Early and continuous integration is poised to shift development efforts left and to reduce overall development effort significantly.
Last December, the name of my predictions blog summarized my view crisply, which is that “applications, ecosystems and system complexity will be key verification drivers for 2020.” Slam dunk on these.
Application domains significantly impacted verification aspects in 2020. Who would have thought that Facebook and AWS would be among the keynotes at our user conference, speaking about how their artificial intelligence (AI) requirements led them to apply emulation and prototyping for their internal chip-designs?
Ecosystems also gained in criticality, with prominent examples being Arm’s rise into data centers with AWS’s Graviton 2, Arm’s architecture powering the most powerful supercomputer Fugaku, and RISC-V celebrating its 10th birthday in 2020. Processor architectures are at the center of critical ecosystems, but others are emerging, like the ecosystem of companies powering what we often refer to as the hyperscale era. They enable the journey of all the data that we end consumers create through devices, near and far edges, networks, and, ultimately, local and cloud data centers.

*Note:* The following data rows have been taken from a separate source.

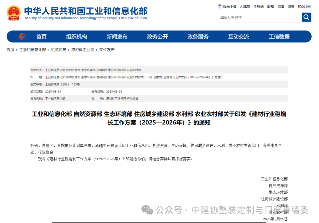 9月24日,工业和信息化部、自然资源部、生态环境部、住房城乡建设部、水利部、农业农村部联合印发《建材行业稳增长工作方案(2025—2026年)》(以下简称《方案》)。
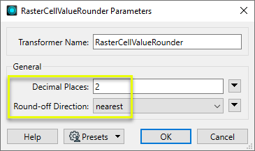 - If applying rounding to floating-point (decimal) values that are stored as real32, consider coercing the raster or band to interpretation type real64 prior to using this transformer to avoid unexpected results. The RasterInterpretationCoercer or RasterBandInterpretationCoercer may be used to do this.
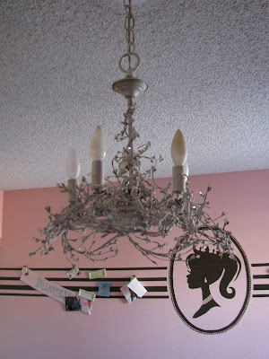 You can see them in there if you look reeeeeeeealy close. It looks all sparkly in real life. You can also see that my paint job isn't perfect to which I say, "Shut up. It's fine." This light, too, needs cute little shades, but I am absolutely in love with it!! It looks so perfect in her pink and brown "sophisticated princess" room. See:
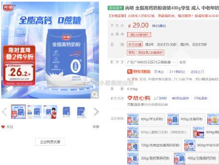 光明 全脂高钙奶粉袋装400g,如有首购2礼金,买2件30.2

And the third item that I predicted as a verification driver—system complexity—clearly was correct, too. When looking at recent announcements from AMD, NVIDIA, and others, designs have become so complicated and significant that the yield-related issues of designing at the reticle limit have caused a shift towards assembling chiplets using 3D-IC assembly techniques. In turn, verifying chips of that complexity has fueled never-before-seen demand for verification throughput, and issues like server-readiness with the Arm Server Base System Architecture (SBSA) activities are better confirmed before silicon availability using emulation.

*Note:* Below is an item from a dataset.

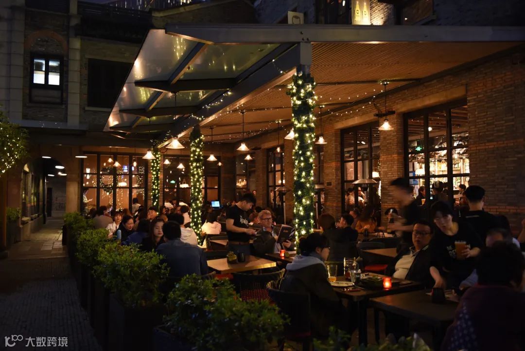 走进去,是满满的网红店,咖啡厅,露天酒吧,各国美食的高级料理……

This year, my Cadence role has broadened from verification to looking at our products in the context of solutions. This change means that I am virtually looking at our products now through the lens of the eight Cadence target verticals: consumer, hyperscale computing, mobile, 5G communications, aerospace & defense, automotive, industrial, and healthcare.
And what a change of perspective this has been. While I was aware of the changes in some of the domains, the industry transformations’ scope, as I now understand it better, is much more significant than I thought. I did write about some of the related aspects here on Semiconductor Engineering throughout the year. Hyperscale computing and AI are reshaping value chains, and I likened the transformation in this area to the change that the mobile industry went through a decade earlier. The data center itself has gone through considerable changes in the last decade, as I outlined in “The Four Pillars of Hyperscale Computing.” Many more changes are just on the horizon, as companies like Google outlined in their keynotes that I referenced in “System Design for Next-Generation Hyperscale Data Centers.”
Other verticals are undergoing similar seismic shifts.
In the aerospace & defense industry, the Assistant Secretary of the Air Force for Acquisition, Technology, and Logistics, Dr. Will Roper, introduced a digital-focused acquisition model for new capabilities. Dr. Roper aptly called it “There Is No Spoon,” invoking the Matrix and new realities. His emphasis on digital engineering technologies, including digital twins’ application during the development, production, and operation of systems, signals a shift away from the old ways of pure waterfall development. Early and continuous integration, or what Dr. Roper called, “building an airplane the first time as if it were built 100 times,” is poised to shift development efforts left and to reduce the overall development effort significantly.
In the automotive vertical, we witness how the intricate design chain’s consumer-facing tier, the OEMs, are now considering their internal silicon design like Tesla did. Their resulting system on a chip (SoC) includes two AI processor cores and achieves a maximum performance of 144 TOPS at 72W (2 TOPS/W). The next generation of SoCs will probably target a couple of hundred TOPS with an even better TOPS/W ratio.
And similar shifts are happening in healthcare. I, for one, just got up because my step-tracker reminded me that I sat too long while writing this. Besides this gamification of health aspects, everything around my health has mostly gone digital. Other application domains are undergoing similar shifts, like the industrial internet of things (IIoT) and cyber-physical systems transforming how products are built and maintained.
Looking forward, we have to realize that the shift in most of these industries has just begun and will unfold over years to come. It is hard to predict winners and losers, only that changes will be significant. As I look back on my shelf and smile that I kept my Palm Pilot, a Blackberry, and my Ericsson GH337 phone—all of which seemed like ground-breaking technology at the time—I am looking forward to the new, exciting, hyper-scaled inventions to come. All of them will need to leverage the latest process technologies, combined with the latest EDA and computational software tools to implement them.
Combining the estimates of various analysts like CIMData and Omdia, we are looking at forecasts for 2024 of an EDA and IP market of about $12B, which is part of a PLM/computational software market of almost $70B, enabling more than $530B of semiconductors and $2.8T of electronics. The electronics future looks bright.
Here’s to the next 20 years!
I hope your holidays are happy. But even more, I hope you stay safe and healthy in 2021.